**Material to process:**
=== Begin Enclosure ===

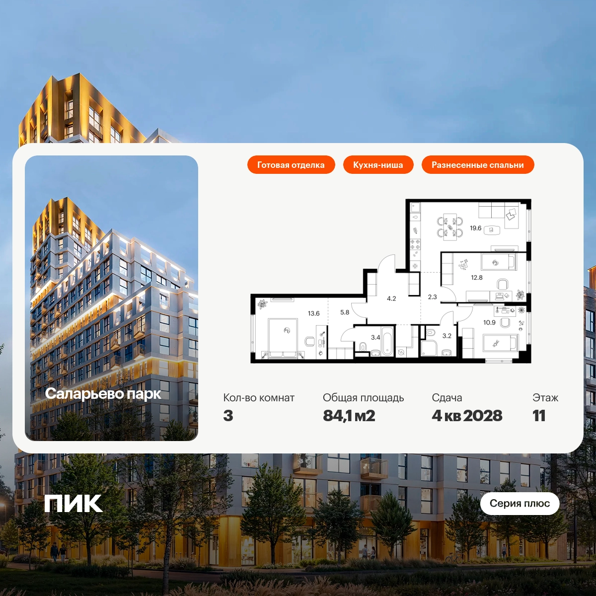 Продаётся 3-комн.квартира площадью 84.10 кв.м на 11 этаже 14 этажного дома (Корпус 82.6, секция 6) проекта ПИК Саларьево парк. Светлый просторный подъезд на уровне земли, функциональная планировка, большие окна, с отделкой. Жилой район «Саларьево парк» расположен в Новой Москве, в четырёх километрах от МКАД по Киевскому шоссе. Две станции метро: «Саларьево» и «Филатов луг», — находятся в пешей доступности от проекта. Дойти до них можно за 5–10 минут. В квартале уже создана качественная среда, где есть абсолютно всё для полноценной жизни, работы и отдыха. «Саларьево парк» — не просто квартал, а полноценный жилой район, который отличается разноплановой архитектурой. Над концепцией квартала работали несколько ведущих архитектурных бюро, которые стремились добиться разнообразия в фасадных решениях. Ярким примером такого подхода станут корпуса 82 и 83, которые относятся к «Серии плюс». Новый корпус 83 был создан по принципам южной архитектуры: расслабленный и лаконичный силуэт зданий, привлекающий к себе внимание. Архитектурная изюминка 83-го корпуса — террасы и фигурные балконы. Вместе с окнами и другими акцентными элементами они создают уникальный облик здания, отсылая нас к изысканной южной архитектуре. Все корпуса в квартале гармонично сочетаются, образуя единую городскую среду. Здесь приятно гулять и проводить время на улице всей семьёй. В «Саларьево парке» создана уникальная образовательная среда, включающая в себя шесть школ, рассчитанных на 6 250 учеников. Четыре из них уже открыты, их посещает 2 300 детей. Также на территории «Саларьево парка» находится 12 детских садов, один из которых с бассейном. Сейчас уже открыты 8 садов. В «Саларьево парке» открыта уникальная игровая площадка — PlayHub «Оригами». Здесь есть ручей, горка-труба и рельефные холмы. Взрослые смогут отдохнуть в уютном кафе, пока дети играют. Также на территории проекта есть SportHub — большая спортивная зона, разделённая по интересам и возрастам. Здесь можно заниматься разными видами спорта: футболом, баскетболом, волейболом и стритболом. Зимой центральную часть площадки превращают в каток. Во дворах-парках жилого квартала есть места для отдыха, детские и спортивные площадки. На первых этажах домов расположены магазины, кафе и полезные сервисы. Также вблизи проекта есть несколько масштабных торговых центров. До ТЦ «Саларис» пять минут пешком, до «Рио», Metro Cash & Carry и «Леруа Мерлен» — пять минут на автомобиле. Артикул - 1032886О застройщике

=== End Enclosure ===
=== Begin Enclosure ===

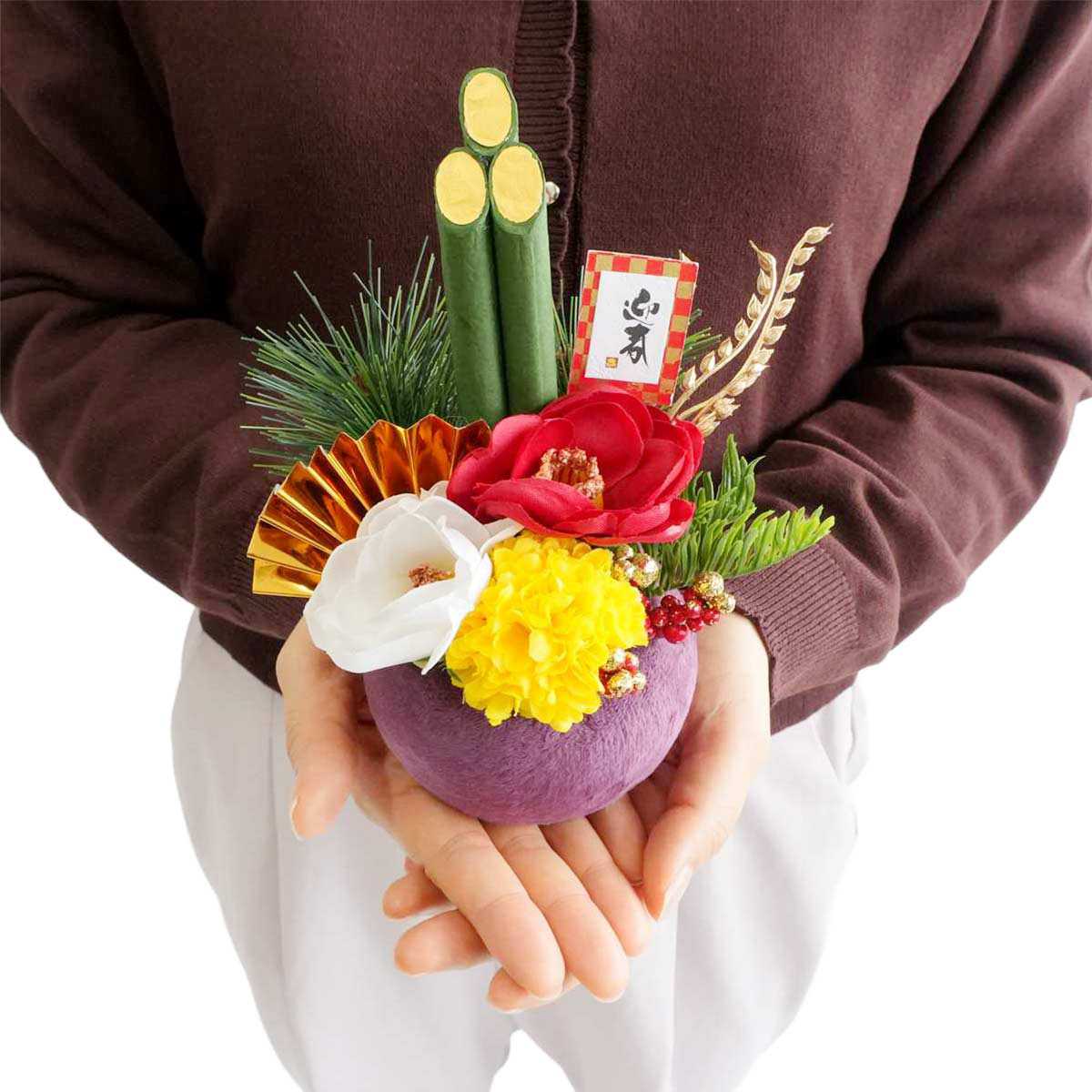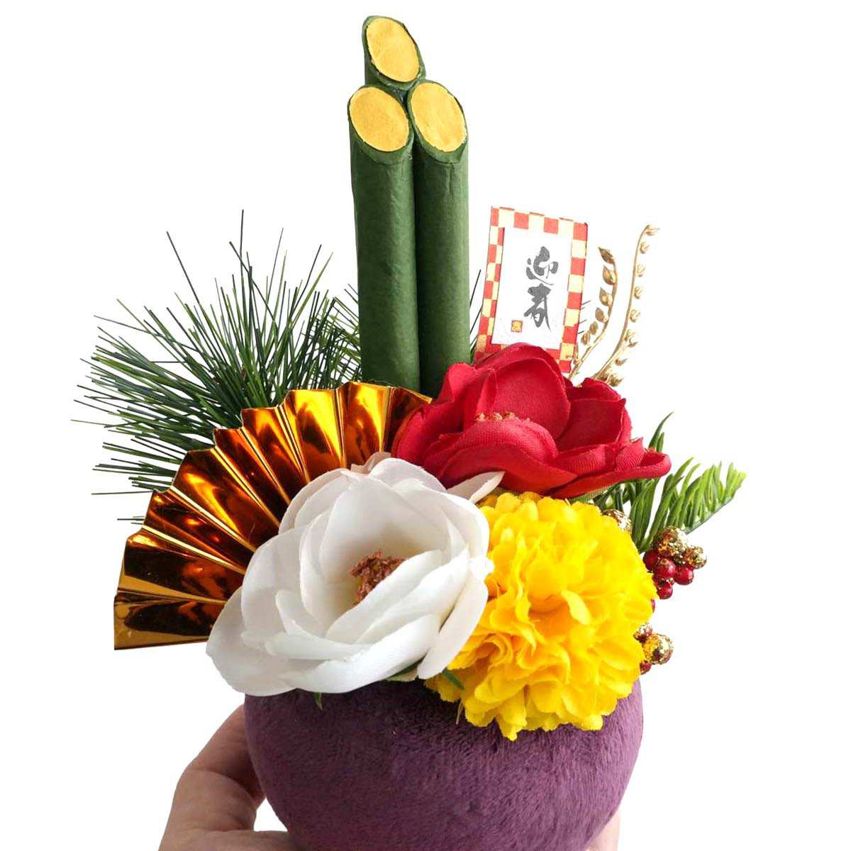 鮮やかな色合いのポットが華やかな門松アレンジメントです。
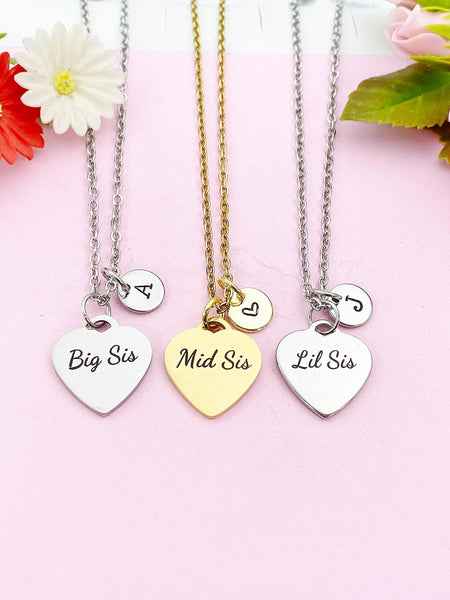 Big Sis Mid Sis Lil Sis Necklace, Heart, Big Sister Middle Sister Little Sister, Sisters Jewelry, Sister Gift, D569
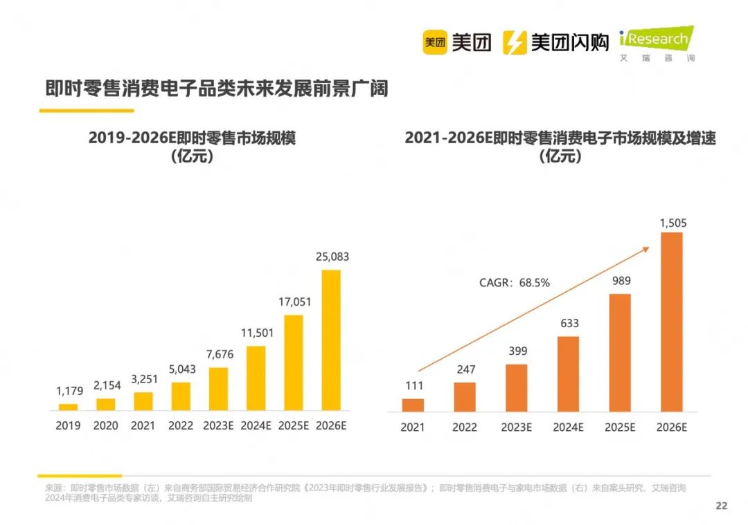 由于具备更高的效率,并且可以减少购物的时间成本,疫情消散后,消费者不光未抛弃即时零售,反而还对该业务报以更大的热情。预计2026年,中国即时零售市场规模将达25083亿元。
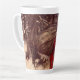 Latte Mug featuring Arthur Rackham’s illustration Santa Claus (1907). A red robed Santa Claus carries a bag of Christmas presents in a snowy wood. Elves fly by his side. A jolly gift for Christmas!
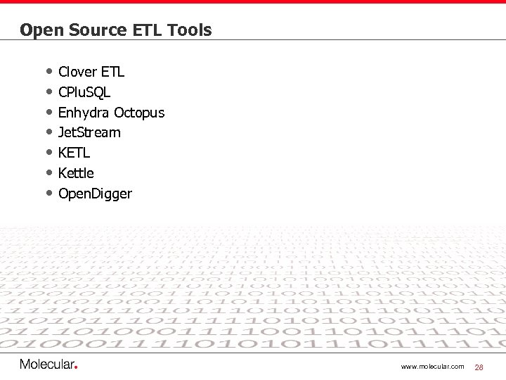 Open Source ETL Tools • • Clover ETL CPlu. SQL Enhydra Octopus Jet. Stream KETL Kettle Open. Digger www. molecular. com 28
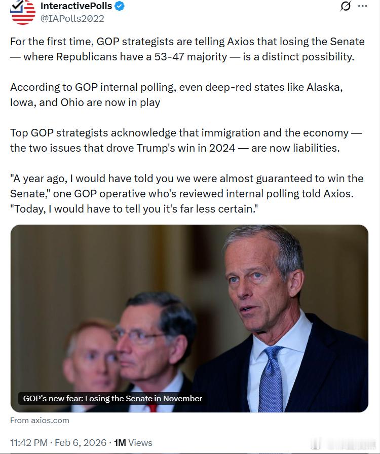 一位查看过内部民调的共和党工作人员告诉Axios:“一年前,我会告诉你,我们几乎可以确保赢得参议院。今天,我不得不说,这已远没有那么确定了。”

=== End Enclosure ===
=== Begin Enclosure ===

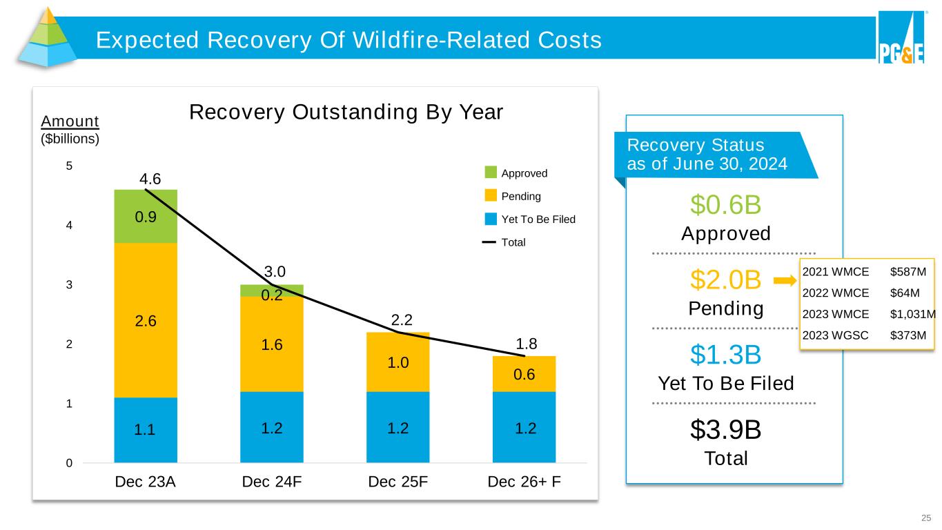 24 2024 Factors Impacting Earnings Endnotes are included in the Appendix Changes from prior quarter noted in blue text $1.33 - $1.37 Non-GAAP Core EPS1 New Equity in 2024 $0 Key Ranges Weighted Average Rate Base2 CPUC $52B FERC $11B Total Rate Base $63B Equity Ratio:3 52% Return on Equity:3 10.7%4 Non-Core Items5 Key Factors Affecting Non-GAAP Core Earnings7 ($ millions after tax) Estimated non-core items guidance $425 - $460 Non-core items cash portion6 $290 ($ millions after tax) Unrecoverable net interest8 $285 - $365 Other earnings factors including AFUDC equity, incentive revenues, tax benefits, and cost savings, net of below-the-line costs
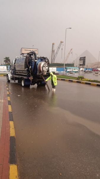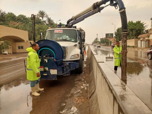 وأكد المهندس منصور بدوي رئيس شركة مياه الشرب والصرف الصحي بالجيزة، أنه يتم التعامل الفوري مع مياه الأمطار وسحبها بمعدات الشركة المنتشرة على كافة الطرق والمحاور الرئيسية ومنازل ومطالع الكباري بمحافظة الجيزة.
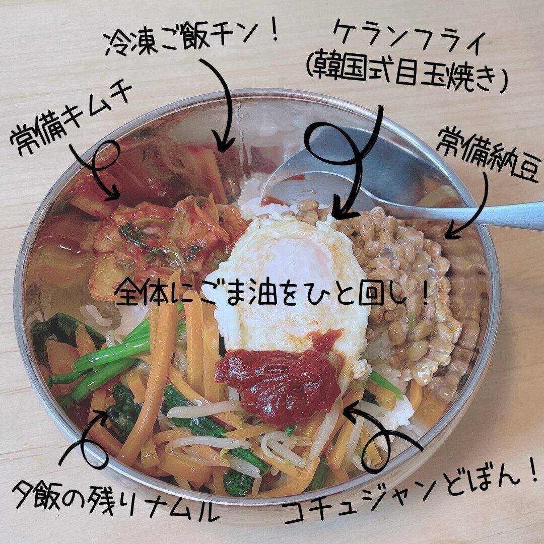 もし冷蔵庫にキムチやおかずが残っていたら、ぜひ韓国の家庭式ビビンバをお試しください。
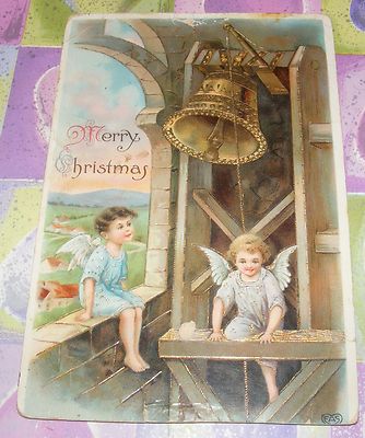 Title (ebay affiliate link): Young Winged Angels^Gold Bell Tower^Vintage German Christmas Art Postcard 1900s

=== End Enclosure ===

**Exercise prompt:** In the entries above, find the line that contains "24 2024 Factors" and the line that contains "Title (ebay affiliate". Reproduce exactly those two lines and every line between them, but not the pictures.

**Expected output:**
 24 2024 Factors Impacting Earnings Endnotes are included in the Appendix Changes from prior quarter noted in blue text $1.33 - $1.37 Non-GAAP Core EPS1 New Equity in 2024 $0 Key Ranges Weighted Average Rate Base2 CPUC $52B FERC $11B Total Rate Base $63B Equity Ratio:3 52% Return on Equity:3 10.7%4 Non-Core Items5 Key Factors Affecting Non-GAAP Core Earnings7 ($ millions after tax) Estimated non-core items guidance $425 - $460 Non-core items cash portion6 $290 ($ millions after tax) Unrecoverable net interest8 $285 - $365 Other earnings factors including AFUDC equity, incentive revenues, tax benefits, and cost savings, net of below-the-line costs
 وأكد المهندس منصور بدوي رئيس شركة مياه الشرب والصرف الصحي بالجيزة، أنه يتم التعامل الفوري مع مياه الأمطار وسحبها بمعدات الشركة المنتشرة على كافة الطرق والمحاور الرئيسية ومنازل ومطالع الكباري بمحافظة الجيزة.
 もし冷蔵庫にキムチやおかずが残っていたら、ぜひ韓国の家庭式ビビンバをお試しください。
 Title (ebay affiliate link): Young Winged Angels^Gold Bell Tower^Vintage German Christmas Art Postcard 1900s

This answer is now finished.